The HC said, "Although both (senior counsel Mahesh) Jethmalani and (counsel Subhash) Jha have in unison taken exception to the amendments by branding them as arbitrary, illegal and unconstitutional and in violation of Rules 223 to 225 of the Member of Legislative Assembly (MLA) Rules, they have utterly failed in their effort to demonstrate any infraction, much less genuine infraction as observed above."
The HC also said though Mahajan’s counsel Jethmalani contended that the chief minister in terms of the Constitutional scheme cannot make any recommendation to the Governor for fixing the date of election and that the recommendation has to be made by the council of ministers, "there is no pleading" in either PIL that the CM’s recommendation of March 9, 2022 as date of Speaker poll was made as CM and is not based on the collective decision of the council of ministers.
"There is also no reason to infer on facts and in the circumstances that the recommendation of the Chief Minister does not have the support of the council of ministers," held the HC.
The HC in the judgment made a reference to the progress of the proceedings two PIL petitions and said it was so done “ to highlight the obstinacy of Vyas and Mahajan to pursue the causes, despite being put on guard.” It had added, “ We would bear in mind such conduct, which is extremely relevant while deciding these PIL petitions.”
The HC citing guidelines laid down by the Supreme Court earlier said, "Our understanding of the guidelines in such paragraph does not persuade us to hold that calling for an election of the Speaker is within the discretion of the Governor.."
It also said “.Rule 6(1), as amended, if read with Article 168, leaves no manner of doubt that neither is any Constitutional provision offended nor can it be said with any degree of conviction that the death knell of democracy has been sounded with the amendments in Rules 6 and 7.
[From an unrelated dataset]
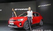 기아자동차의 새로운 소형 SUV 스토닉이 사전계약대수 1500대를 돌파했다.기아차는 13일 서울 그랜드 워커힐 호텔 비스타홀에서 스토닉 신차발표회를 열고 본격적인 판매에 들어갔다. 회사에 따르면 스토닉은 지난달 사전계약 접수를 개시했으며 영업일 12일 간 약 1500대가 계약됐다. 일 평균 125대 수준으로 20대와 30대 소비자 비중이 전체의 57%를 차지했다. 또한 월 판매 목표는 1500대 수준이라고 전했다.이 모델은 쌍용차 티볼리보다 조금 작은 크기의 소형 SUV로 먼저 출시된 현대차 코나와 국내외 소형 SUV 시장을 공략하는 전략 차종이다. 스토닉은 코나와 동급으로 분류되지만 실제 크기는 조금씩 작다. 또한 추구하는 방향성도 약간 차이가 있다. 코나는 사양고급화 등을 통해 30대와 40대 소비자를 주요 고객으로 설정했지만 스토닉은 20~30대 젊은 소비자들에 초점을 맞춰 개발됐다.다소 심심할 수 있지만 깔끔한 외관 디자인과 화려한 컬러로 젊은 감각을 어필했다. 여기에 엔트리 모델의 판매 가격을 경쟁 모델로 꼽은 쌍용차 티볼리 디젤보다 낮게 책정해 경쟁력도 확보했다. 디럭스와 트렌디, 프레스티지 등 총 3가지 트림으로 판매되며 기본 가격은 1895만 원부터 2265만 원이다. 가장 상위 트림에 선택사양을 모두 더한 풀옵션 모델의 가격은 2395만 원까지 올라간다. 파워트레인은 1.6리터 디젤 엔진과 7단 듀얼클러치 변속기가 조합된 단일 버전으로 판매된다. 최고출력 110마력, 최대토크 30.6kg.m의 성능을 발휘한다. 코나에 적용된 1.6리터 디젤 엔진(136마력)보다 낮은 세팅이며 쌍용차 티볼리(113마력)와는 비슷한 수준이다.실내는 신형 프라이드와 비슷한 구성이다. 수평형 레이아웃이 적용됐고 가니쉬에 컬러 포인트를 더해 젊은 감각을 살렸다. 여기에 돌출된 센터디스플레이와 차세대 공조 컨트롤 장치, D컷 스티어링 휠, 스포티한 디자인의 에어벤트, 고급형 클러스터, 알로이 페달 등이 적용됐다.안전사양으로는 차량자세제어시스템플러스가 전 모델에 기본 탑재됐고 첨단 주행보조 장치인 ‘드라이브 와이즈’를 전 트림에 옵션으로 추가할 수 있도록 했다.기아차 관계자는 “스토닉은 2030세대를 타깃으로 경제성과 디자인, 안전성을 두루 겸비한 만능 소형 SUV”라며 “소형 SUV 시장에 새로운 바람을 불러 올 것”이라고 말했다.동아닷컴 김민범 기자 mbkim@donga.com}

“Each Legislative Assembly of the States is independent and can amend their Rules of Procedure, framed under Article 208, subject to the known limitations. There is no law that requires the Rules of Procedure of all Legislative assemblies would be the same. There is nothing wrong in the Assembly in this State making amendments in its Rules of Procedure consistent with the provisions of the Constitution. That apart, 10 other States having different procedures is sufficient indication of the nation’s diversity in framing rules that are appropriate for each individual region," said the order.
The PIL had said the poll rule amended last December was “the death of democracy.”
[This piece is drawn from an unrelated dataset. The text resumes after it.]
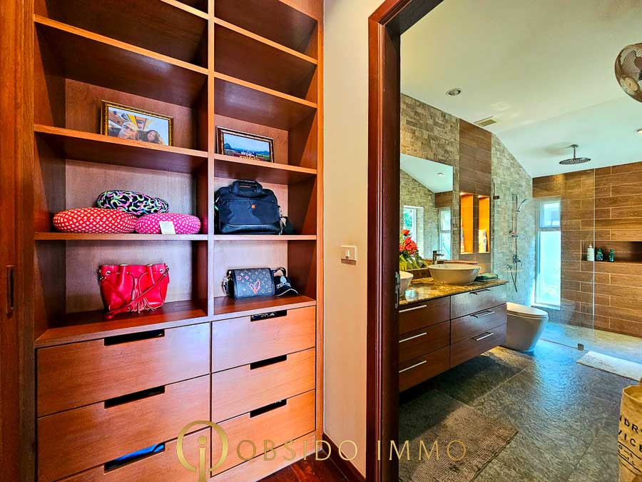 La villa propose une distribution très complète, avec de beaux volumes intérieurs et une vraie logique de vie tropicale tournée vers l’extérieur.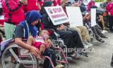 REPUBLIKA.CO.ID, JAMBI. -- Atlet penyandang disabilitas yang tergabung dalam National Paralympic Committee Indonesia (NPCI) Kabupaten Batanghari melakukan aksi damai di kantor bupati setempat, Muara Bulian, Batanghari, Jambi, Rabu (24/4/2024).

The HC judgment said, “The procedure for election of the Speaker is charted out in Rules 6(2), 6(3) and 6(4). Since Article 178 of the Constitution refers to choosing of a member from amongst members of the Assembly to be the Speaker and the Deputy Speaker, we do not see any reason to hold that the amendments introduced in the various sub-rules of Rule 6 would have the effect of offending the Constitutional provision in Article 178 or even inflicting a death blow to democracy."